La cour rappelle les principes et renvoie essentiellement à sa propre jurisprudence en ce qui concerne la notion de relation causale dans le cadre de l’article 30bis. Elle cite un arrêt rendu le 28 juin 2000 (C. trav. Liège, 28 juin 2000, R.G. 99/28.084), où elle a jugé que la relation causale entre l’exercice de la profession et la maladie professionnelle hors liste doit être directe, c’est-à-dire sans détours ni facteurs intermédiaires et également déterminante, étant que la cause doit être réelle et manifeste sans devoir cependant être exclusive ni même principale. Dans cet arrêt du 28 juin 2000, la cour du travail avait relevé le caractère pléonastique de l’expression.

Elle renvoie également à un arrêt de la Cour du travail de Mons du 20 septembre 2005 (R.G. n° 18.905) qui avait rappelé que n’est pas exigée la mono-causalité, dans le cadre de l’article 30bis, à savoir que la profession devait être la cause exclusive de la maladie.

Enfin, citant le premier juge, la cour renvoie à la définition courante, étant que l’adjectif ’déterminant’ a sur le plan sémantique deux sens, étant qu’il s’agit de déterminer une action ou d’être décisif.
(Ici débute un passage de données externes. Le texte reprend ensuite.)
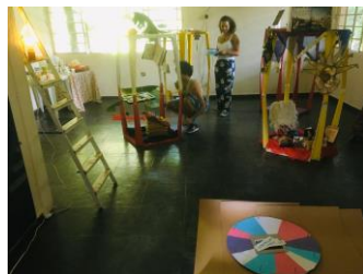
Figuras 7 e 8 - Mediação com os alunos na Exposição “Caleidoscópio”. Dezembro, 2019.
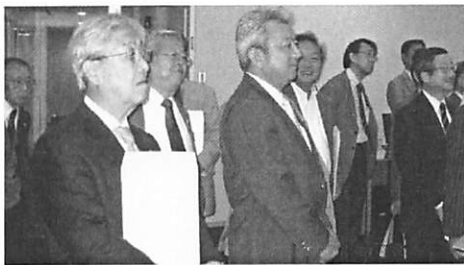
取引監視システム見学
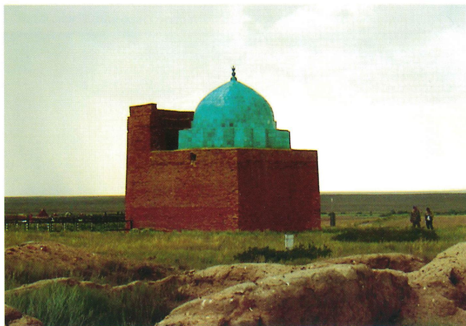
Рис. 4. Остатки дома из сырцового кирпича рядом с мавзолеем Жоши-хан. Вид с востока. Фото Е. Х. Хорош. 2007 г.
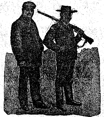
Figura 18. Chaquetón mallorquín, sin forros. En azul, café, gris claro y gris obscuro, de mucho abrigo, 30 pesetas.— Figura 19. Marsellés, cuello forma chal, adornado con paño negro, coderas y golpes de pasamanería fina, en paño azul, negro, café ó bronce, 60 pesetas.

DE NUESTRO CATALOGO DE PRENDAS DE CAZA, CAMPO Y SPORT
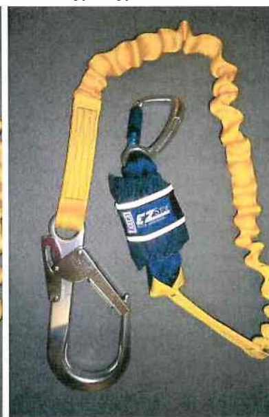
Typ / Type 1245541
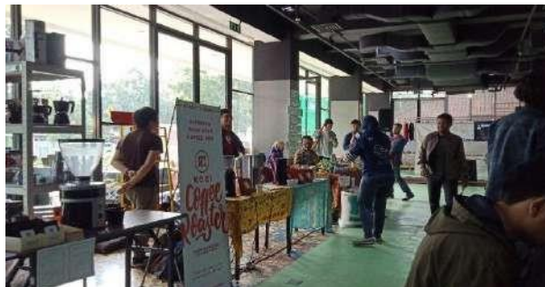
Gambar 2.7 R. Pameran
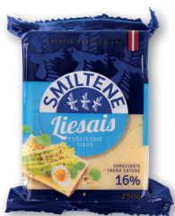
LIESAIS SIERS 16% 250g
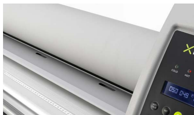
Rulli in silicone antiadesivi
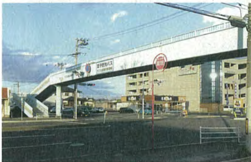
六丁の目第1・第2歩道橋の改修・フェンスの設置
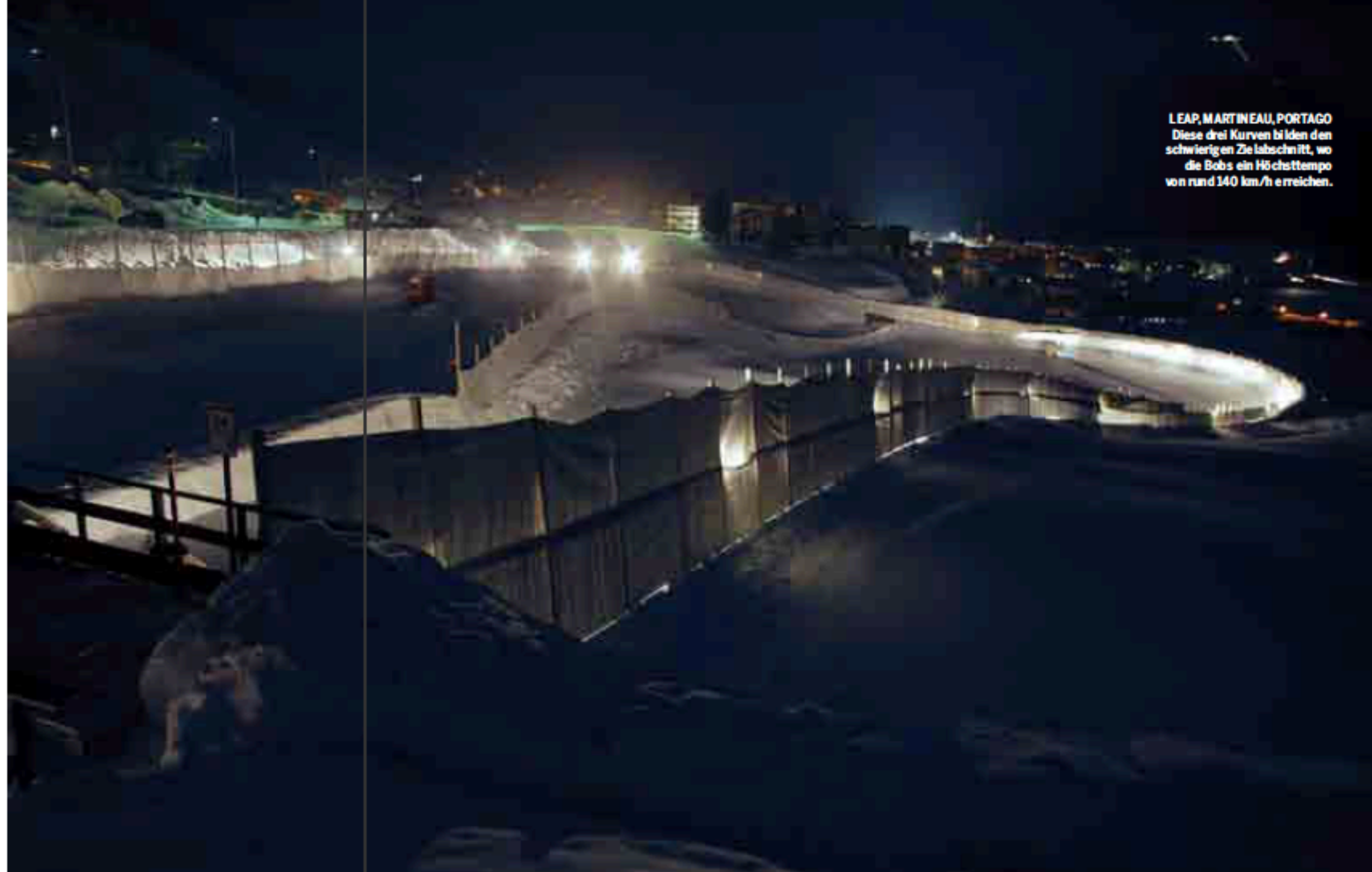
LEAP, MARTINEAU, PORTAGO Diese drei Kurven bilden den schwierigen Zielabschnitt, wo die Bobs ein Höchsttempo von rund 140 km/h erreichen.
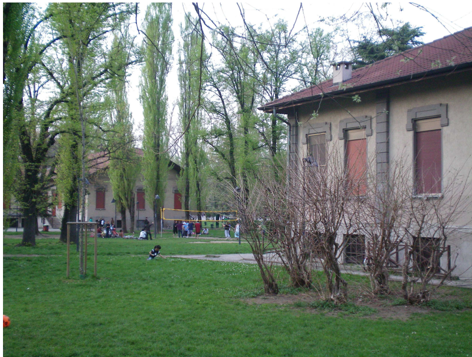
Photo n° 6 – Deux « pavillons » de l'école située dans l'enceinte du Parco Trotter

En néerlandais, le terme ’determinerende’ a été retenu par le législateur, la cour soulignant qu’il s’agit ici d’exprimer une action et non du sens ’déterminant’ (qui serait ’determinant’) ni encore de ’décisif’ (qui serait ’beslissend’).

En conclusion, pour la cour, le lien causal est prouvé lorsque la victime établit que l’exercice de la profession a, parmi d’autres facteurs, causé la maladie ou encore qu’elle l’a aggravée.

La cour revient, sur la base de ces principes, aux conclusions de l’expert mais ne les considère pas suffisamment claires pour juger. Elle désigne, dès lors, un autre expert à qui elle confie une mission tout à fait spécifique, dans laquelle elle précise que le lien de causalité prévu par l’article 30bis entre l’exercice de la profession et la maladie ne requiert pas que cet exercice soit la cause exclusive de celle-ci et que la disposition légale n’exclut pas une prédisposition. Elle n’impose pas davantage au demandeur d’établir l’importance de l’influence exercée par la prédisposition.

Intérêt de la décision

Dans ce bel arrêt, la Cour du travail de Liège redéfinit, de manière claire, les éléments de la causalité légale exigée par l’article 30bis dans le cadre d’une demande de réparation dans le système ouvert. Elle rappelle non seulement que la pluri-causalité est admise mais que la victime – qui a la charge de la preuve – ne doit pas établir l’importance de l’incidence d’une prédisposition sur la maladie professionnelle.